# What you will do
All of the data that follows is to be printed exactly, without pictures.

Items from a dataset:
————

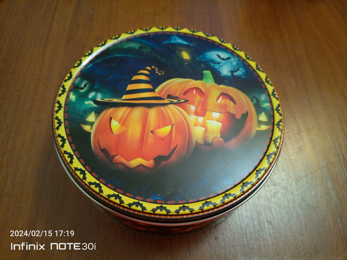 Всем привет! Как- то одно время муж стал мне поговаривать, что ему нравится тематика Хеллоуин 🎃, что хотел бы побывать на такой вечеринке. Задумка в общем неплохая. Как раз на День его рождения я устрою ему этот праздник. Правда обойдётся в копеечку. Так как все атрибуты дорогие. Но, радость еще никто не отменял. Сначала я все атрибуты искала и заказывала на Вайлдберриз, а потом как- то зашла в Фикс Прайс. Там чего только нету. Я купила гирлянды в виде паучков, колпачки на голову, тарелочки, стаканчики и много другое. Также заказала мужу футболку с принтом, скатерть и надувные шарики 🎈 и много чего еще нужно. Благо у него день рождения в июле, время ещё есть! Еще я увидела круглые железные баночки с тематикой Хеллоуина🎃 Рисунки были разные. Я выбрала две коробочки. В них печенье. Печенье песочное. И даже написано на баночке- страшилки. Я так и подумала, что внутри будут фигурки. Эти баночки стоят уже у меня два месяца. Решила я одну попробовать, снять пробу, вдруг какая-нибудь фигня
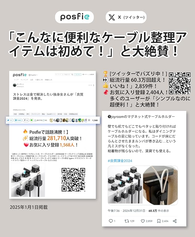 JOYROOM ケーブルホルダー「6個セット 業界初!マグネット式」 ケーブルクリップ 配線止め 配線整理 ケーブルスムーズ調整可能 コードホルダー デスク周り コードクリップ 貼り付け 強力粘着 USB配線収納 卓上 デスク 机 壁 車 ナイトテーブル すっきり USB-C ケーブル固定 type-c マウスライン キーボードライン 電源コード ヘッドフォンケーブル などに対応
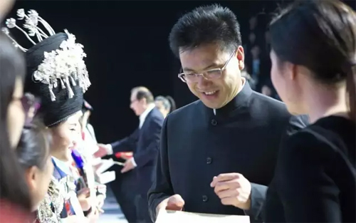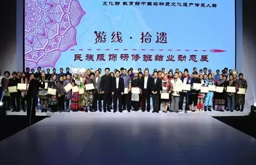 本刊記者-劉萍 10月15日,文化部、教育部中國非物質文化遺產傳承人群民族服飾制作技藝、傳統印染技藝研修班結業成果展在北京服裝學院隆重舉行。靜態展和動態秀的緊密結合,給了非遺藝術一個完整而豐富的表達。 當日下午,由文化部、教育部主辦,北京服裝學院承辦的中國非物質文化遺產傳承人群民族服飾制作技藝、傳統印染技藝研修班結業動態秀在北京服裝學院1號秀場舉行。中國工程院院士俞建勇,文化部非遺司副司長王晨陽,中國服裝設計師協會副主席熊兆飛,北京市教委原副主任張國華,北京服裝學院領導馬勝杰、劉元風、倪賽力、艾麗、蔣達峰、廖青、賈榮林出席結業秀。 此次結業作品展演以“游線·拾遺”為主題,共有三個系列,涵蓋7個民族10余種傳統手工藝。第一系列為[蝶?裳華],第二系列為[藍?衣夏],第三系列為[盛?襟元]。 靚麗的T臺上,北服服裝表演專業的本科生演繹著少數民族的古老技藝與現代設計交融碰撞出的作品,讓400多位與會人士在欣賞彰顯民族特色、創新設計的同時,更被這帶著手工溫度的技藝和生生不息的傳統文化深深打動。最后,王晨陽、馬勝杰為38名圓滿完成研修的學員一一頒發結業證書,并祝愿大家在非遺保護、傳承、創新的道路上開拓進取,勇創佳績。
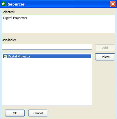 The new resource appears in the Resources dialog box when the Resources button is clicked in the Appointment dialog box:
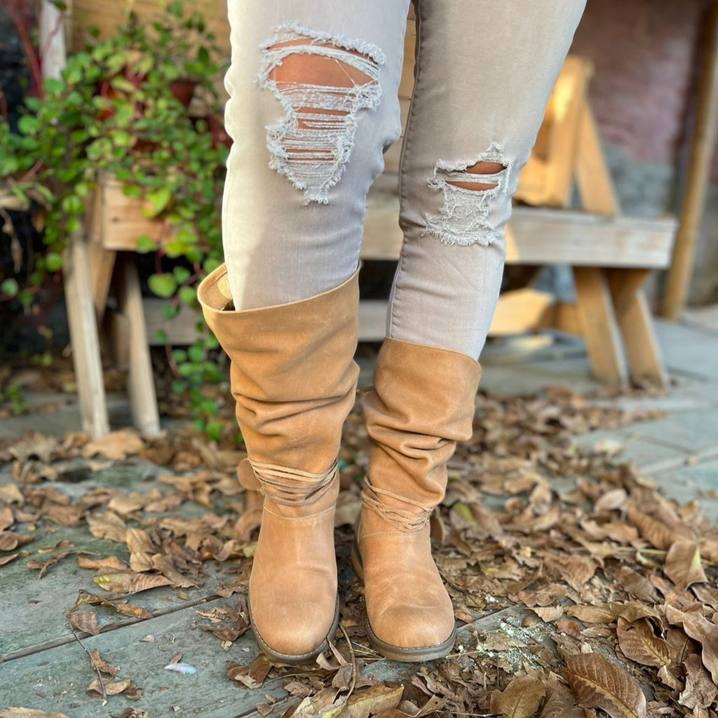 Esta bota la puedes usar larga y también arrugada dando el estilo que desees a tu outfit.
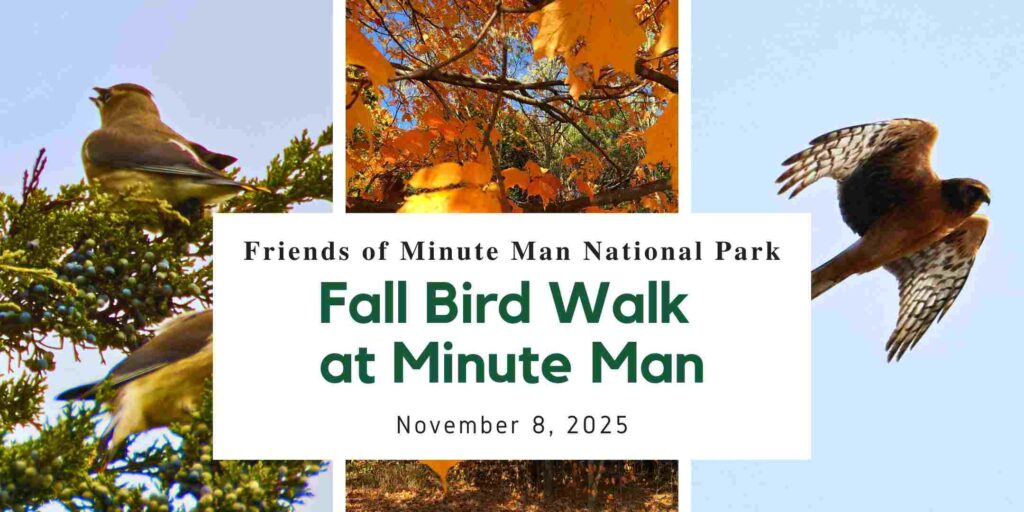 Join the Friends of Minute Man National Park for a spring bird walk! For many bird watchers, spring migration is the most exciting time of the year. We will observe birds in their colorful breeding plumage, listen to their songs, and learn which are passing through on their way north and which will stay to nest right at Minute Man National Historical Park. We’ll take a one-mile stroll through the park with Kathy Dia to see and hear some of these beautiful visitors as they court and fuel up for their journey north.

————

# Solution to the problem
 Всем привет! Как- то одно время муж стал мне поговаривать, что ему нравится тематика Хеллоуин 🎃, что хотел бы побывать на такой вечеринке. Задумка в общем неплохая. Как раз на День его рождения я устрою ему этот праздник. Правда обойдётся в копеечку. Так как все атрибуты дорогие. Но, радость еще никто не отменял. Сначала я все атрибуты искала и заказывала на Вайлдберриз, а потом как- то зашла в Фикс Прайс. Там чего только нету. Я купила гирлянды в виде паучков, колпачки на голову, тарелочки, стаканчики и много другое. Также заказала мужу футболку с принтом, скатерть и надувные шарики 🎈 и много чего еще нужно. Благо у него день рождения в июле, время ещё есть! Еще я увидела круглые железные баночки с тематикой Хеллоуина🎃 Рисунки были разные. Я выбрала две коробочки. В них печенье. Печенье песочное. И даже написано на баночке- страшилки. Я так и подумала, что внутри будут фигурки. Эти баночки стоят уже у меня два месяца. Решила я одну попробовать, снять пробу, вдруг какая-нибудь фигня
 JOYROOM ケーブルホルダー「6個セット 業界初!マグネット式」 ケーブルクリップ 配線止め 配線整理 ケーブルスムーズ調整可能 コードホルダー デスク周り コードクリップ 貼り付け 強力粘着 USB配線収納 卓上 デスク 机 壁 車 ナイトテーブル すっきり USB-C ケーブル固定 type-c マウスライン キーボードライン 電源コード ヘッドフォンケーブル などに対応
 本刊記者-劉萍 10月15日,文化部、教育部中國非物質文化遺產傳承人群民族服飾制作技藝、傳統印染技藝研修班結業成果展在北京服裝學院隆重舉行。靜態展和動態秀的緊密結合,給了非遺藝術一個完整而豐富的表達。 當日下午,由文化部、教育部主辦,北京服裝學院承辦的中國非物質文化遺產傳承人群民族服飾制作技藝、傳統印染技藝研修班結業動態秀在北京服裝學院1號秀場舉行。中國工程院院士俞建勇,文化部非遺司副司長王晨陽,中國服裝設計師協會副主席熊兆飛,北京市教委原副主任張國華,北京服裝學院領導馬勝杰、劉元風、倪賽力、艾麗、蔣達峰、廖青、賈榮林出席結業秀。 此次結業作品展演以“游線·拾遺”為主題,共有三個系列,涵蓋7個民族10余種傳統手工藝。第一系列為[蝶?裳華],第二系列為[藍?衣夏],第三系列為[盛?襟元]。 靚麗的T臺上,北服服裝表演專業的本科生演繹著少數民族的古老技藝與現代設計交融碰撞出的作品,讓400多位與會人士在欣賞彰顯民族特色、創新設計的同時,更被這帶著手工溫度的技藝和生生不息的傳統文化深深打動。最后,王晨陽、馬勝杰為38名圓滿完成研修的學員一一頒發結業證書,并祝愿大家在非遺保護、傳承、創新的道路上開拓進取,勇創佳績。
 The new resource appears in the Resources dialog box when the Resources button is clicked in the Appointment dialog box:
 Esta bota la puedes usar larga y también arrugada dando el estilo que desees a tu outfit.
 Join the Friends of Minute Man National Park for a spring bird walk! For many bird watchers, spring migration is the most exciting time of the year. We will observe birds in their colorful breeding plumage, listen to their songs, and learn which are passing through on their way north and which will stay to nest right at Minute Man National Historical Park. We’ll take a one-mile stroll through the park with Kathy Dia to see and hear some of these beautiful visitors as they court and fuel up for their journey north.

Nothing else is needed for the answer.